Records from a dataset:
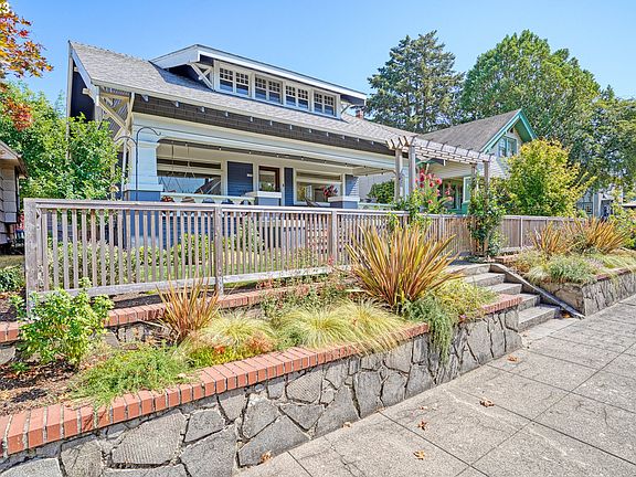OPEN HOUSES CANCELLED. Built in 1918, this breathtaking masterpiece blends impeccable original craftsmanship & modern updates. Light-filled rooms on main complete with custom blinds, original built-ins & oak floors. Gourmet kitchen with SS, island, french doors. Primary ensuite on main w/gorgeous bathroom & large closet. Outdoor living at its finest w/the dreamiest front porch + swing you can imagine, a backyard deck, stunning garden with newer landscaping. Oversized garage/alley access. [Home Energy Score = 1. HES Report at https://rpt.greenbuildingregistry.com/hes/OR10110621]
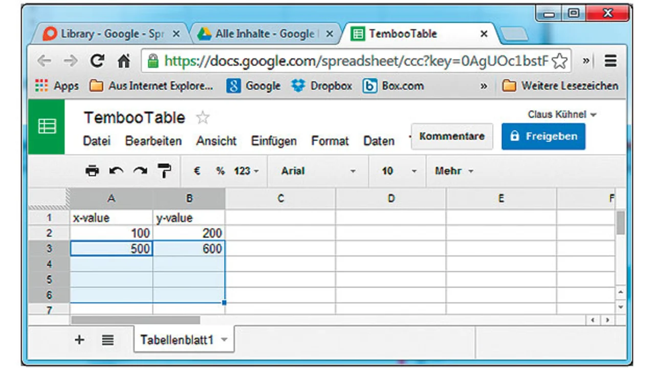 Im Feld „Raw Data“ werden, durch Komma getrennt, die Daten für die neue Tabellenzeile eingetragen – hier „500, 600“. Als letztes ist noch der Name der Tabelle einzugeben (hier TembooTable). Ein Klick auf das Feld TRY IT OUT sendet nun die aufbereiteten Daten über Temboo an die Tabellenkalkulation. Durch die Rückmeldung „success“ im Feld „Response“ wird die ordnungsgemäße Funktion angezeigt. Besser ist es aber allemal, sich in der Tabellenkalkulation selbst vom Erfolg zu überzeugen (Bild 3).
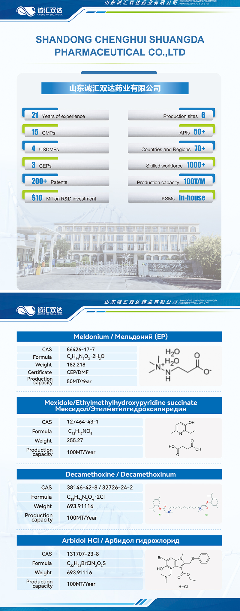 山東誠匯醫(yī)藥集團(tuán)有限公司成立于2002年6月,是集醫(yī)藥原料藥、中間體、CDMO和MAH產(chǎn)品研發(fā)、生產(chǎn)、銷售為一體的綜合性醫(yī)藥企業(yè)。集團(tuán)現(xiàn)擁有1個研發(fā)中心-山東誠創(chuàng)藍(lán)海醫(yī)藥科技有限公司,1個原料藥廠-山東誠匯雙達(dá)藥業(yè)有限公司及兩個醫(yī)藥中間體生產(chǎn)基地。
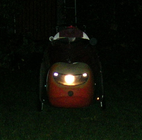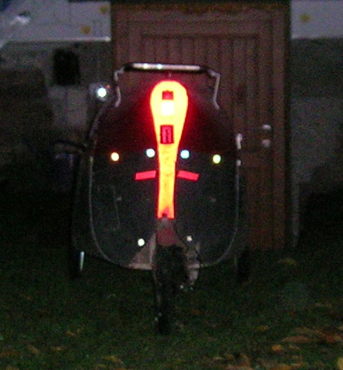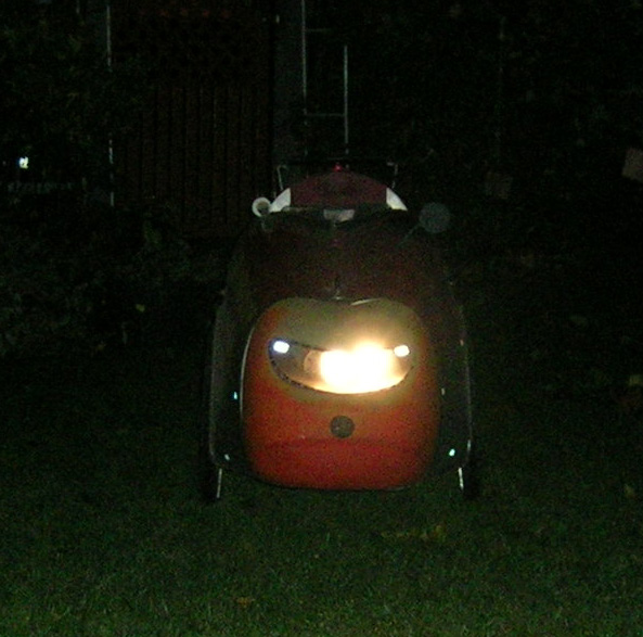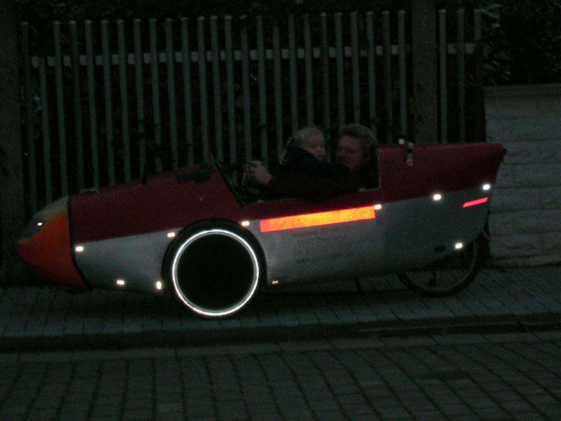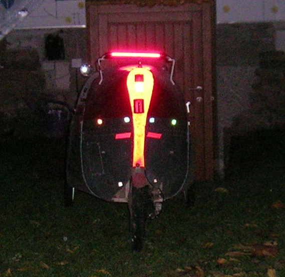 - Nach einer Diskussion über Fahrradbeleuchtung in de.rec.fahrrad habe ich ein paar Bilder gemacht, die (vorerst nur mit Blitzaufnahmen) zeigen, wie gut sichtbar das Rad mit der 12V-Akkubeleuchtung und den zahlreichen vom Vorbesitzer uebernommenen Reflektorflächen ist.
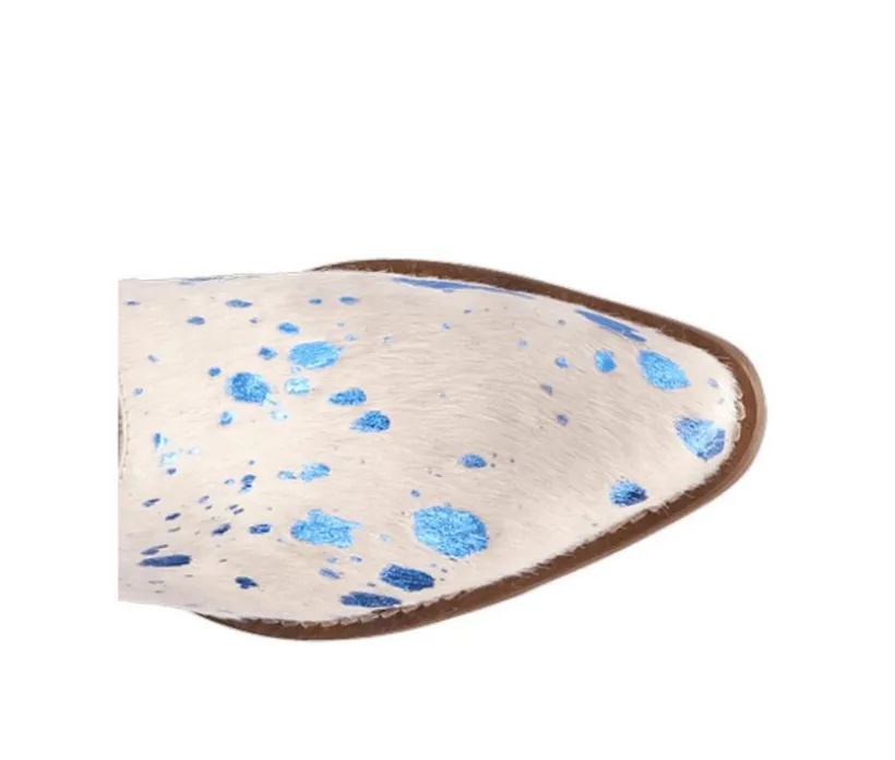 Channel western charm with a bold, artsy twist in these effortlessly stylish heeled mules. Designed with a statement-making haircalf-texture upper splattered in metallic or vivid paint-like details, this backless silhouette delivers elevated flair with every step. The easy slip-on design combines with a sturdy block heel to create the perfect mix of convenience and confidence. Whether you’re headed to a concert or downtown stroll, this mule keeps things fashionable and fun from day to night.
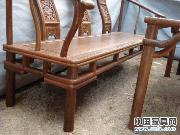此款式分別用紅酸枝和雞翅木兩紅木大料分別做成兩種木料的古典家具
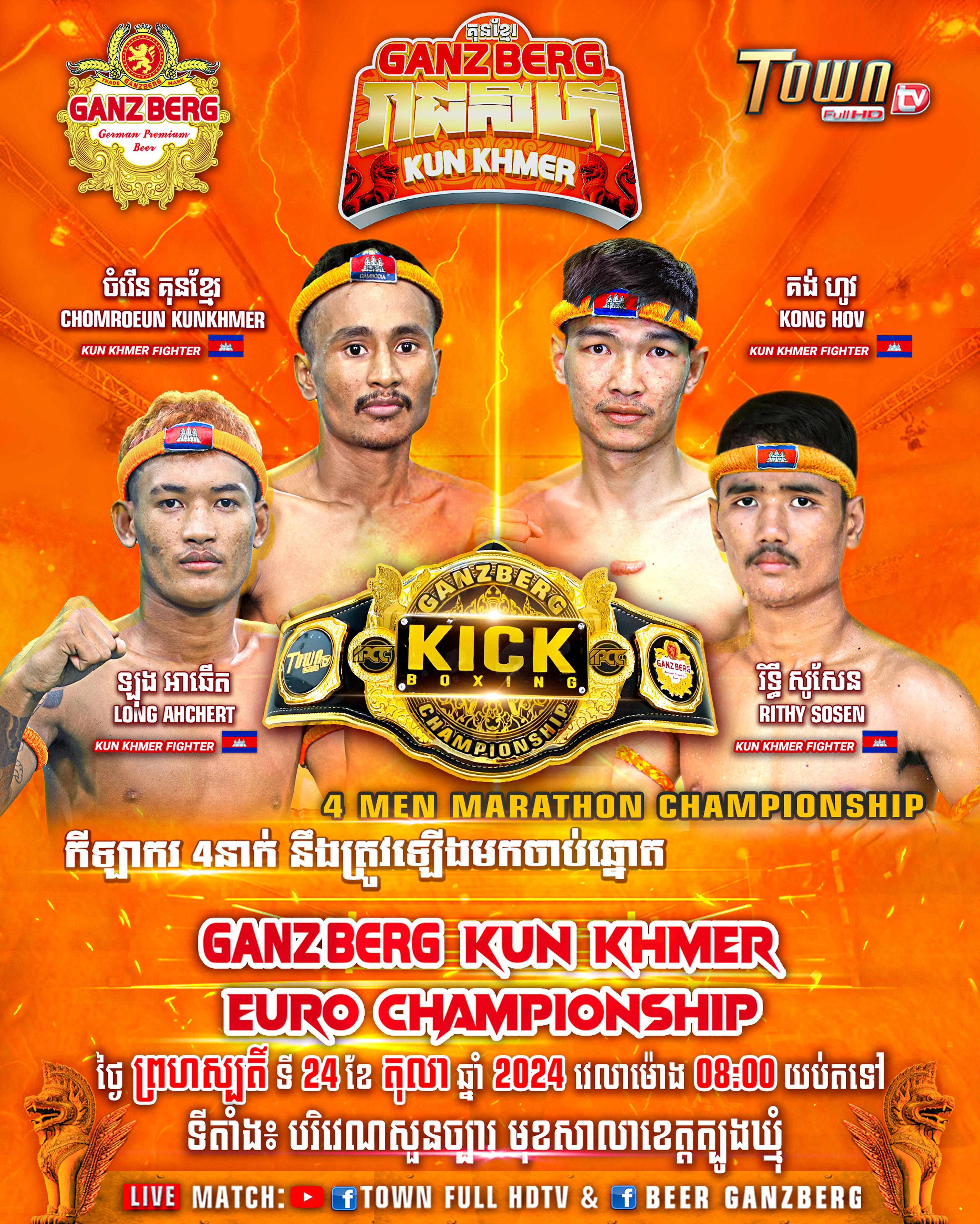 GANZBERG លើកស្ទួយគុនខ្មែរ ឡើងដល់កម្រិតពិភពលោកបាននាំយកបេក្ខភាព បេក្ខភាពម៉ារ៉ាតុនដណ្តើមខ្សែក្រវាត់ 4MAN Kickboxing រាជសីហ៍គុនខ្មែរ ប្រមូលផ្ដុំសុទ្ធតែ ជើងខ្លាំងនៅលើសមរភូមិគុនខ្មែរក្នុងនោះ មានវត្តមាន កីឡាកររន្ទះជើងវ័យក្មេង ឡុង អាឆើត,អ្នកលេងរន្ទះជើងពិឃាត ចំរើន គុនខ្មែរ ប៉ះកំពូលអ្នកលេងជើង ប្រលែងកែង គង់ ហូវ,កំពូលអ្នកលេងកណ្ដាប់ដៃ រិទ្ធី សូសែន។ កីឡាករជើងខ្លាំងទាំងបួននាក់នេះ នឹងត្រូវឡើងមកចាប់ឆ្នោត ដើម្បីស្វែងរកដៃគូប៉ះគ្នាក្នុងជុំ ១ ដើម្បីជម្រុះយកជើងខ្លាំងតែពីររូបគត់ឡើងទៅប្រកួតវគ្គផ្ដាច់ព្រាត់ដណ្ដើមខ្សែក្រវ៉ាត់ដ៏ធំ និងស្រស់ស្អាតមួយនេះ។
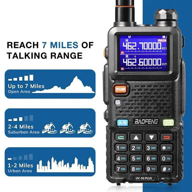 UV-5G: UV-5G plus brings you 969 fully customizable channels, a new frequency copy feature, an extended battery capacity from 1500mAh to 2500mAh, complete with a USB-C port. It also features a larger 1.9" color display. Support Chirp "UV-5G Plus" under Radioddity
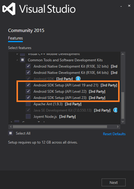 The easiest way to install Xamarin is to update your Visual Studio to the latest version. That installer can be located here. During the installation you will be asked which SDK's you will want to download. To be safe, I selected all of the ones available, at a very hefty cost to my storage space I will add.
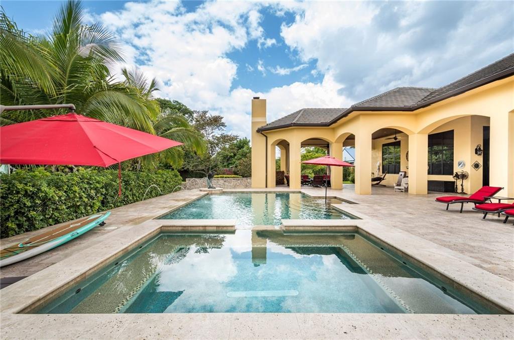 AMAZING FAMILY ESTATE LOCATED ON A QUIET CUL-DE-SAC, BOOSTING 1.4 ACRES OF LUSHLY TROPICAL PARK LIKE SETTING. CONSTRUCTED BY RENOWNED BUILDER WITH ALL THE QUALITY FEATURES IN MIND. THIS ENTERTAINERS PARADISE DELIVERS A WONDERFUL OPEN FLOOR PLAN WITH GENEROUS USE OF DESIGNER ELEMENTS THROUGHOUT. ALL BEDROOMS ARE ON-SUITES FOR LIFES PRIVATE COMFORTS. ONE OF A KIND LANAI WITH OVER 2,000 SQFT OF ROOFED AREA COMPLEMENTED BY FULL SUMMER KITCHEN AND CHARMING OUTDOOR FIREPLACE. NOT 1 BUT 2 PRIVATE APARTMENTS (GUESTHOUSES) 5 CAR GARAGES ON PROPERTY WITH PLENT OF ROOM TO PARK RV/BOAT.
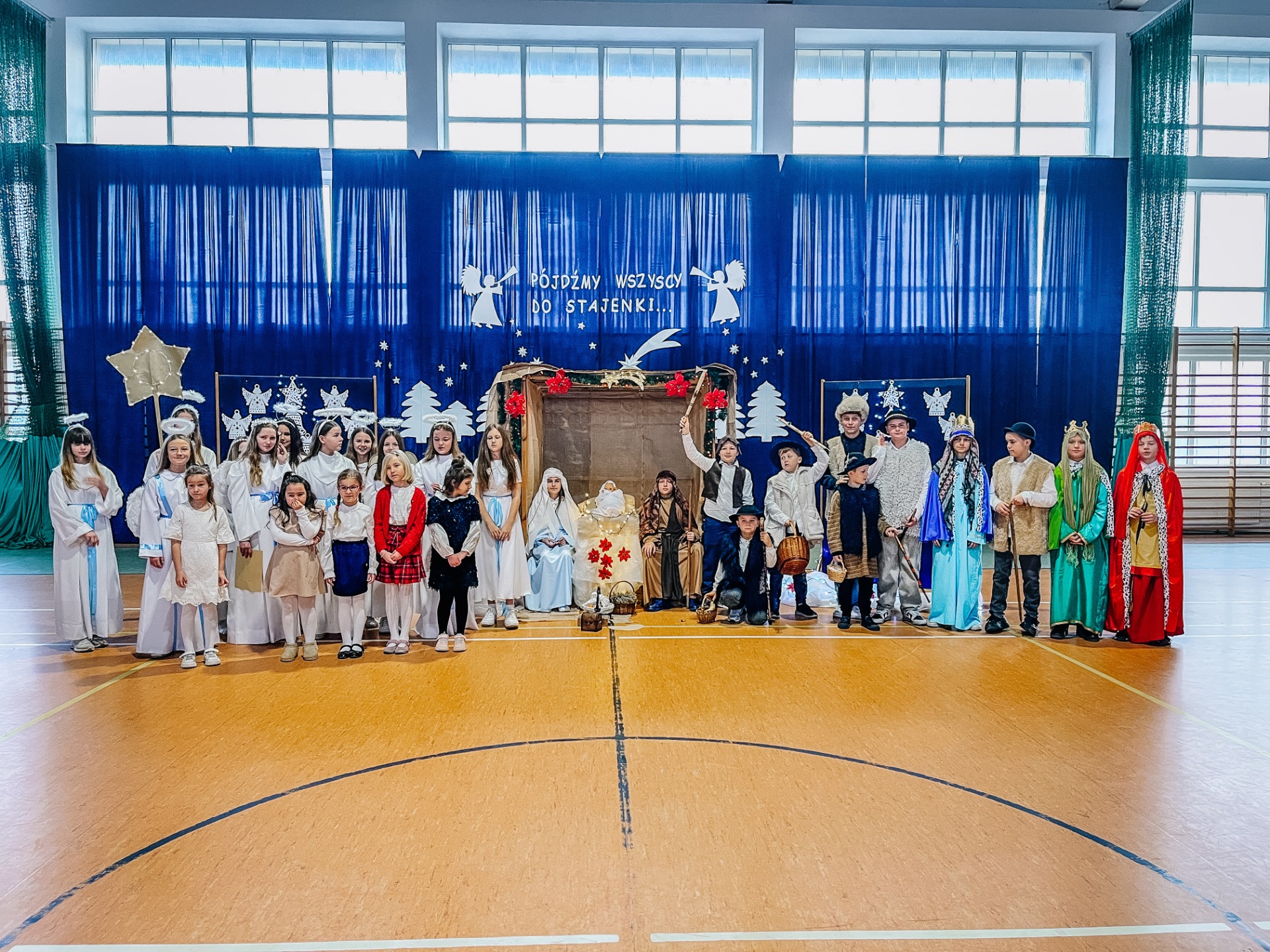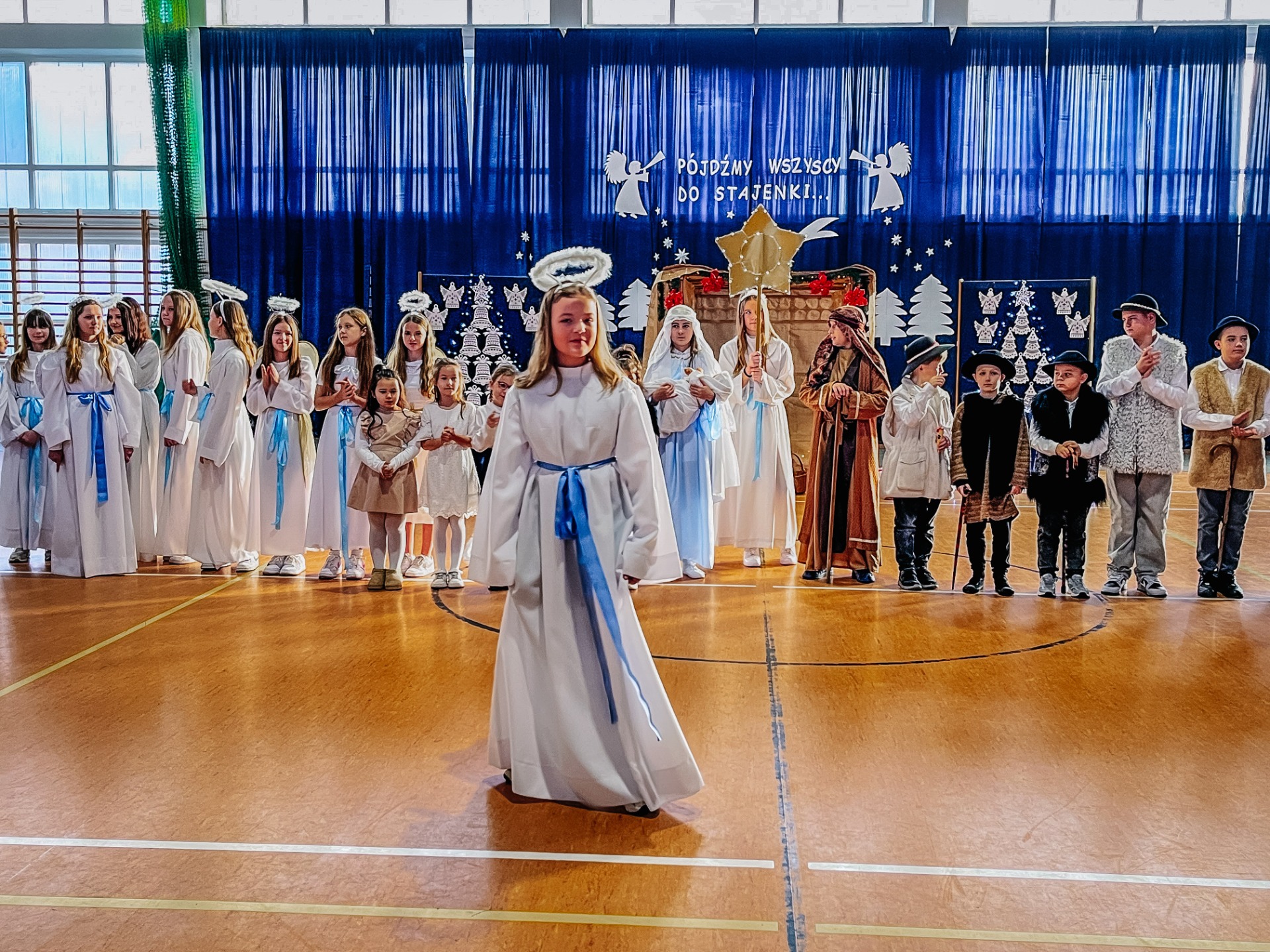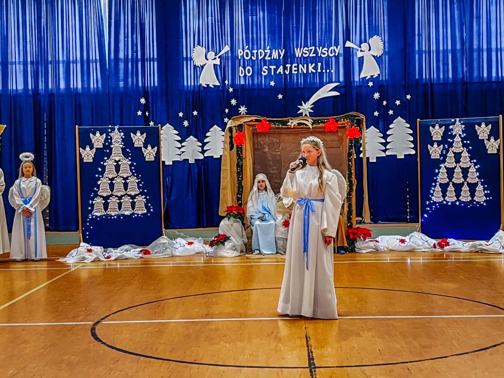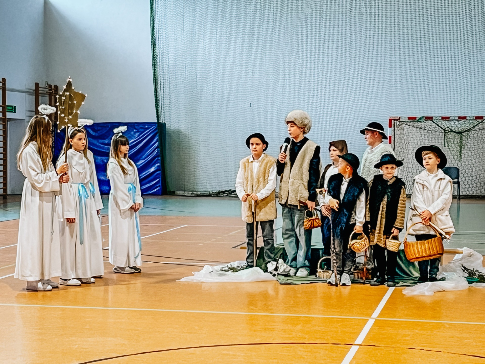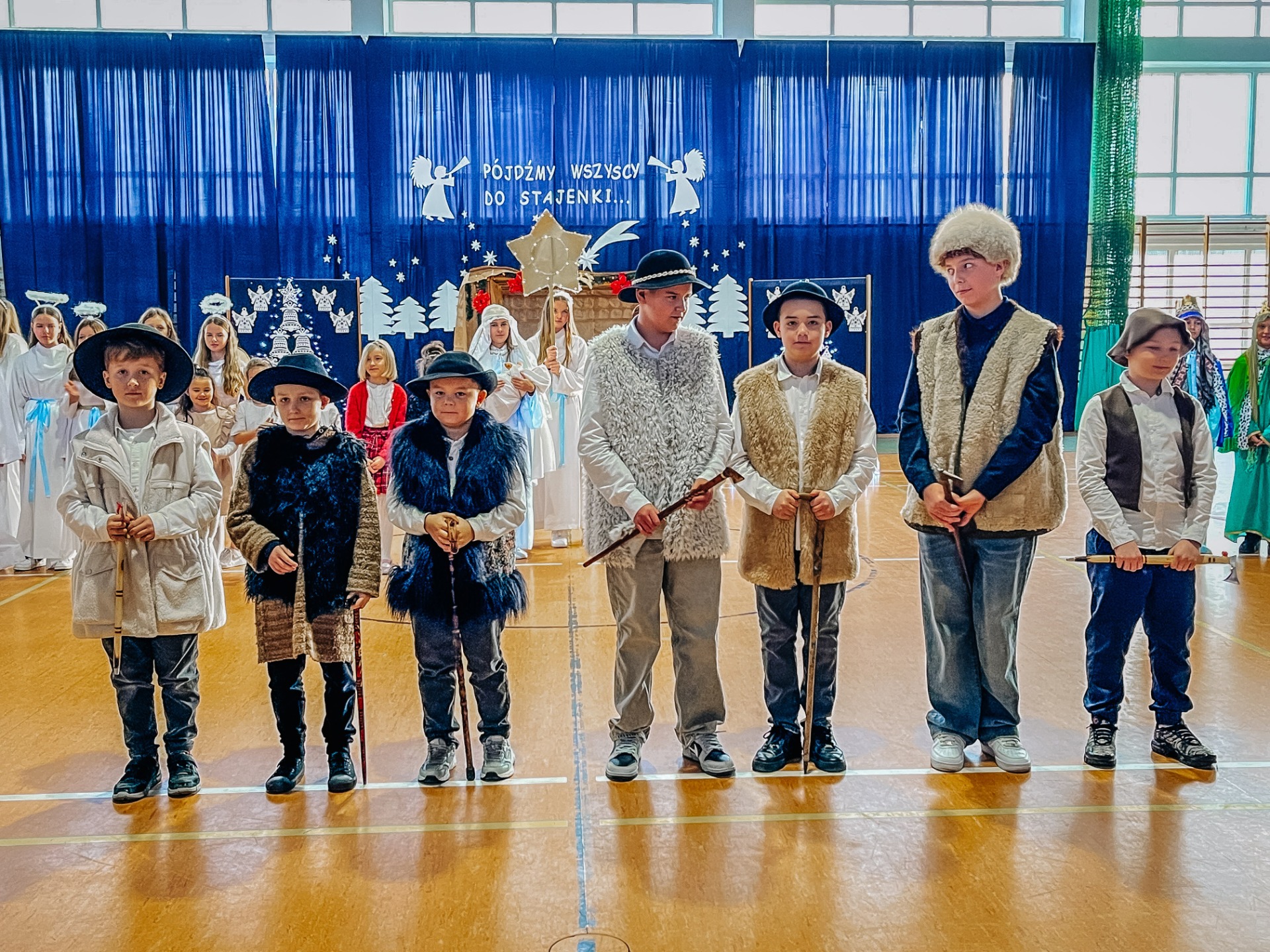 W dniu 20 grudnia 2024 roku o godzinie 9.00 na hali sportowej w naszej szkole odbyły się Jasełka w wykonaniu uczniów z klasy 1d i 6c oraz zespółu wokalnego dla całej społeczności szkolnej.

Task instructions:
Give the lines exactly, from the first line of the entries to the line with "Im Feld „Raw", both ends included. Skip the pictures.

Expected answer:
OPEN HOUSES CANCELLED. Built in 1918, this breathtaking masterpiece blends impeccable original craftsmanship & modern updates. Light-filled rooms on main complete with custom blinds, original built-ins & oak floors. Gourmet kitchen with SS, island, french doors. Primary ensuite on main w/gorgeous bathroom & large closet. Outdoor living at its finest w/the dreamiest front porch + swing you can imagine, a backyard deck, stunning garden with newer landscaping. Oversized garage/alley access. [Home Energy Score = 1. HES Report at https://rpt.greenbuildingregistry.com/hes/OR10110621]
 Im Feld „Raw Data“ werden, durch Komma getrennt, die Daten für die neue Tabellenzeile eingetragen – hier „500, 600“. Als letztes ist noch der Name der Tabelle einzugeben (hier TembooTable). Ein Klick auf das Feld TRY IT OUT sendet nun die aufbereiteten Daten über Temboo an die Tabellenkalkulation. Durch die Rückmeldung „success“ im Feld „Response“ wird die ordnungsgemäße Funktion angezeigt. Besser ist es aber allemal, sich in der Tabellenkalkulation selbst vom Erfolg zu überzeugen (Bild 3).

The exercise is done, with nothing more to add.